Monday, November 19, 2012

Microreview [film]: Venus in Furs


The Meat

Not to be confused with the 19th century novel, the Velvet Underground song, or any of the other three or four other movies with the same title, this Venus in Furs is a surreal 1969 Euro-pop sexploitation movie from prolific exploitation director Jesus (or Jess) Franco. The film of his with the most name recognition is maybe Vampyros Lesbos. This one stars former teen idol heartthrob James Darren (about as far here from Gidget as you can get), the gorgeous Maria Rohm, and Klaus Kinski, also long of the exploitation film scene.

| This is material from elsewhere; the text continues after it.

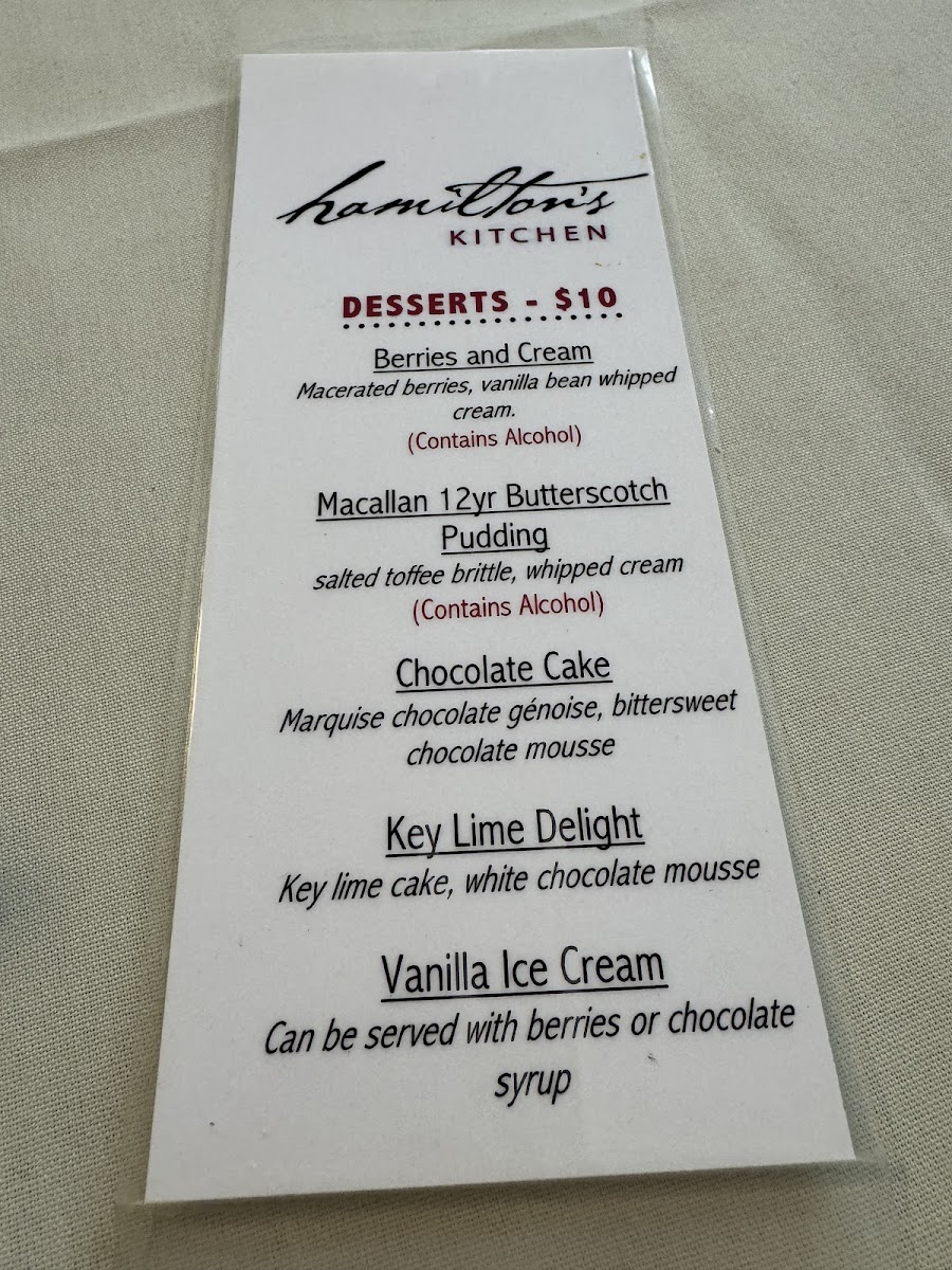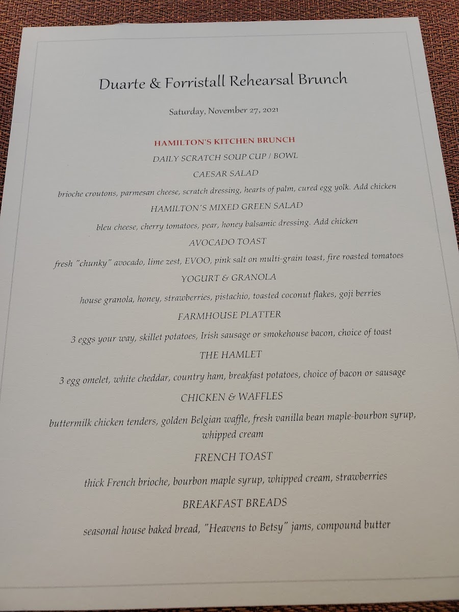 Hamilton's Kitchen Menu

James Darren plays Jimmy, a down-on-his-luck jazz musician who finds a dead, naked girl washed up on the beach while he's trying to get away for a bit and get his head straight. Clearly, finding a dead hottie won't really help in that department, but things get even worse when he returns to Rio to get back into playing music and starts seeing her walking around in the living, breathing flesh. It turns out this is Wanda (Rohm), who was a naive innocent who fell into the hands of bloodthirsty sex deviants. They killed her, dumped her body, and somehow now Wanda is back and hungry for revenge. And also sex with Jimmy, but nothing serious, which gets him all tied up in knots inside.

I think. I mean, it's complicated. But I think that's about right. If you're in the mood for it, this is a pretty engaging movie, despite its many oddities and inscrutable elements. Make no mistake, no matter how into it you are, there are going to be moments where you're scratching your head and wondering if you missed something, but you probably didn't. If you're into abstract, this very 1960s erotic/horrific tone poem has its rewards. Not the least of which is the very catchy theme song, which is sung throughout.

The Math

Objective Quality: 5/10

Bonuses: +1 for Maria Rohm; +1 for the pervasive, expressionistic atmosphere throughout

Penalties: -1 for the unnecessary and cliched twist at the very end of the film.

Cult Movie Coefficient: 6/10. Still enjoyable, but the flaws are hard to ignore.